技能教育、意識改革、開発体制一新。流動化に向けて動き出した。

 1995年4月、全管理職を対象に「OAスキルアップ教育」が始まった。「何だ、よくあるパソコン教育か」。当初、高をくくっていた本社の部課長陣は、その内容の厳しさに強烈なショックを受けることになった。

 OA教育こそ、ADI作戦を「うちの部署には無関係」とやり過ごしたい中間管理職に、佐藤社長が投げつけた「爆弾」なのだ。

 生産技術推進部で設備投資管理担当部長を務める硲野重喜氏(54歳)。「自分でパソコンを使ったことがほとんどなかったので、不安と期待が半ば入り交じった気持ち」で研修に臨んだ。

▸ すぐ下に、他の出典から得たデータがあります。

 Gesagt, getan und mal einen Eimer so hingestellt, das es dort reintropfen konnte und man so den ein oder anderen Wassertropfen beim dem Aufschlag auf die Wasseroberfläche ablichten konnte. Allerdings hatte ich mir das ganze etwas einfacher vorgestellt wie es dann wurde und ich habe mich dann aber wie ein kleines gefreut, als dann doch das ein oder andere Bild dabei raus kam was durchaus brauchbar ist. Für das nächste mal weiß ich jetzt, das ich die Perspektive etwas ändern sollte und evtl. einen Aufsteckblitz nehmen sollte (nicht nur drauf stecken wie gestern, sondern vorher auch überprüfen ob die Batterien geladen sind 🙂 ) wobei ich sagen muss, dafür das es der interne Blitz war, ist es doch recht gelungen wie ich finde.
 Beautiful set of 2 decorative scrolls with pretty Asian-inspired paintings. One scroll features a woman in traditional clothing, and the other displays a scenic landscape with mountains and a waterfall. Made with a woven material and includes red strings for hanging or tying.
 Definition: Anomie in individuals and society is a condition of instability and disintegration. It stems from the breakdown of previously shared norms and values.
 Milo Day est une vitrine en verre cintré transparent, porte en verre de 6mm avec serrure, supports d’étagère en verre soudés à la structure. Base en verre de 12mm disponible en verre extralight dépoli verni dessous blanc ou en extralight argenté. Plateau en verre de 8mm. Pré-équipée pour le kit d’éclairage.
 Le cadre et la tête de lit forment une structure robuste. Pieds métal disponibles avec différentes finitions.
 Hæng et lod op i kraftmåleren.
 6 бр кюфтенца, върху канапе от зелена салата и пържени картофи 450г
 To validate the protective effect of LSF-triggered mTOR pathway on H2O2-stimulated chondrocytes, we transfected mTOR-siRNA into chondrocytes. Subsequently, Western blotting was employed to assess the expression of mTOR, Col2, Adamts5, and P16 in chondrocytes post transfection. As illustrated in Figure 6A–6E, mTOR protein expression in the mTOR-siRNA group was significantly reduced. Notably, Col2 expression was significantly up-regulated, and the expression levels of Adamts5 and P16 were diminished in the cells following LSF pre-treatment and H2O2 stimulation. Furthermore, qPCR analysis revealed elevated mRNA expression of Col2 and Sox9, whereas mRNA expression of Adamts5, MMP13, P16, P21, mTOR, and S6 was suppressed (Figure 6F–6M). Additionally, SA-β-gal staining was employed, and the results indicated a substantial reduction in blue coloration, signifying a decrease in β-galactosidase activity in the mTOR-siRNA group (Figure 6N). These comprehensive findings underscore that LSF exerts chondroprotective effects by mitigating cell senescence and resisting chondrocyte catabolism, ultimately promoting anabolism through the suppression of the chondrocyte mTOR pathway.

 参加してまず驚いたのが、研修の徹底ぶりだった。受講中の2カ月間は、他の100人の管理職とともに川崎市のトレーニングセンターに缶詰めとなり、職場との連絡は事実上、不可能となる。唯一、許されている通信手段は、研修の目玉でもある「電子メール」のみだ。

 「ウィンドウズとは何か」という基本メニューに3日、電子メールの実習が2日と、朝から晩までパソコン漬けの毎日が続く。最後にパソコンを使いこなした発表を終えない限り、現場には戻れない。

 研修終了時、情報システム部の講師は、参加者全員に必ずこう告げる。「これでみなさんは、社内のどの部署に異動しても、その日から以前の部署と同じ環境で仕事に励めます」。

 研修から戻った管理職を、今度は2つのカルチャーショックが襲う。丸2カ月間、自分が顔を出さなくても職場が何の支障もなく動いている。このこと自体、大部分の管理職が認めたくない事実と言っていい。